Dans son rapport public, l’Anssi le reconnaît elle-même et parle de « plusieurs » attaques survenues « ces dernières semaines » et qui « semblent être le résultat d’une vaste campagne d’hameçonnage ». Et celle-ci aurait eu lieu autour de la mi-octobre.

Un public concerné potentiellement large

De quoi laisser donc aux assaillants tout ce temps qu’ils utilisent pour explorer le système d’information de leur victime en puissance et préparer le déclenchement du ransomware : « cette phase en amont du chiffrement dure plusieurs jours et signifie qu’il est possible de détecter certains signes de l’attaque avant le déclenchement du rançongiciel sur une grande partie du SI », reconnaît elle-même l’Anssi.

Cette phase amont s’avère donc cruciale pour les défenseurs. Et justement, début 2016, alors que Locky – également associé au groupe TA505 – commençait à se propager sur le Vieux Continent, le Cert-FR avait très vite tiré la sonnette d’alarme : quelques jours à peine après le premier signal envoyé par les équipes de renseignement de Palo Alto Networks. Cette fois-ci, pour Clop, rien avant la fin novembre, soit plus d’un mois après la campagne de phishing présumée.

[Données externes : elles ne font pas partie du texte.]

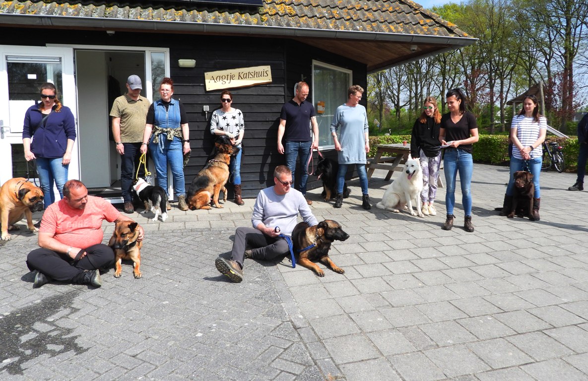 Het was voor Lutske dus niet meer dan logisch om een reünie te organiseren om op deze manier voldoende geld voor een vijverpomp te kunnen inzamelen. Ze stelde dit voor en heeft direct een evenement aangemaakt op sociaal media. Er was veel interesse en uiteindelijk lukte het om twee groepen in te plannen. Een om 9.15 met 8 deelnemers en 10.30 met 9 deelnemers. “Alle baasjes en honden die meeliepen hebben eerder bij mij of Lies getraind en sommige waren zelfs nog midden in het traject. Bij ons zijn alle ras types welkom en zo konden wij twee verschillende groepen maken waarbij rekening wordt gehouden met gedrag, temperament en conditie”. Het was prachtig mooi weer en het was een zeer geslaagde ochtend. “De baasjes en honden hebben het allemaal fantastisch gedaan, ieder op zijn eigen niveau! Wij kijken terug op een zeer geslaagde ochtend waarbij we maar liefst € 340,- euro hebben opgehaald voor een nieuwe vijverpomp”.
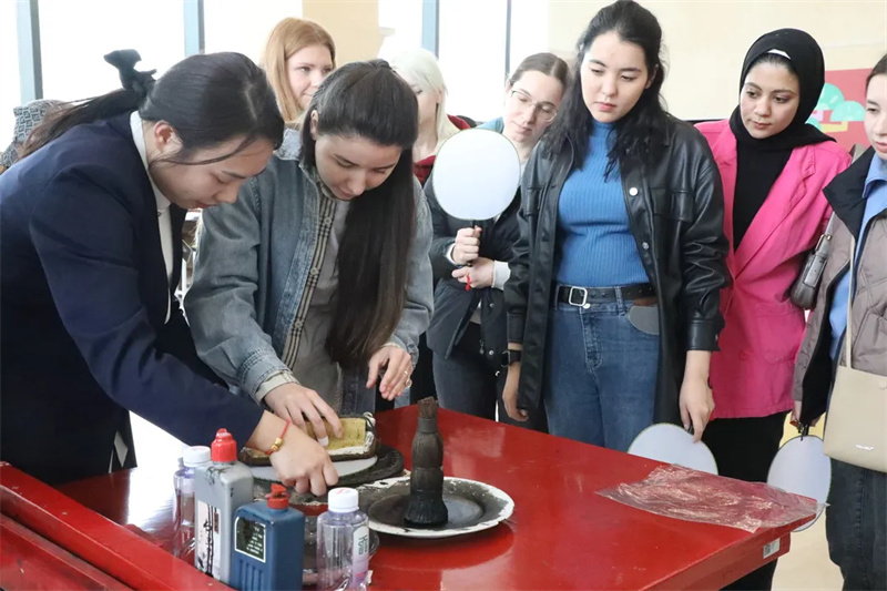 签约仪式后,进行了天津外国语大学行业导师聘任及“留学生第一课”活动。留学生在讲解员带领下参观一楼“天津人文的由来”展厅,了解天津城市的发展历程、历史人文的发展脉络。留学生们通过观展,进一步明晓天津历史文化渊源,在观史的同时解读身边的城市。参观结束后,结合展厅中的天津民俗,为师生深入讲述相关展品,并带领大家走进天博活动区亲手体验杨柳青年画的拓印绘制过程。学生们在创作中将理论知识与动手实践相结合,收获了一次特别的博物馆学习体验。

Quant aux indicateurs, l’Anssi s’était montrée considérablement plus bavarde au sujet de LockerGoga, plus tôt cet année – et dont elle souligne au passage une familiarité avec Clop. Moins prolixe au sujet de BitPaymer plus récemment, l’agence avait toutefois été plus dans le détail.

Guillaume Poupard inscrit la publication de ces rapports et le partage de renseignement dans la durée. Mais pour qu’ils ne soient pas utiles qu’à l’image de l’Anssi, encore faut-il qu’ils soient suffisamment riches en renseignements et distribués rapidement, où à tout le moins les informations clés pour la détection et le blocage.

Mais l’exercice est peut-être encore en rodage. Sollicitée par nos soins, l’agence n’a hélas pas répondu à notre demande de commentaires à l’heure où sont publiées ces lignes.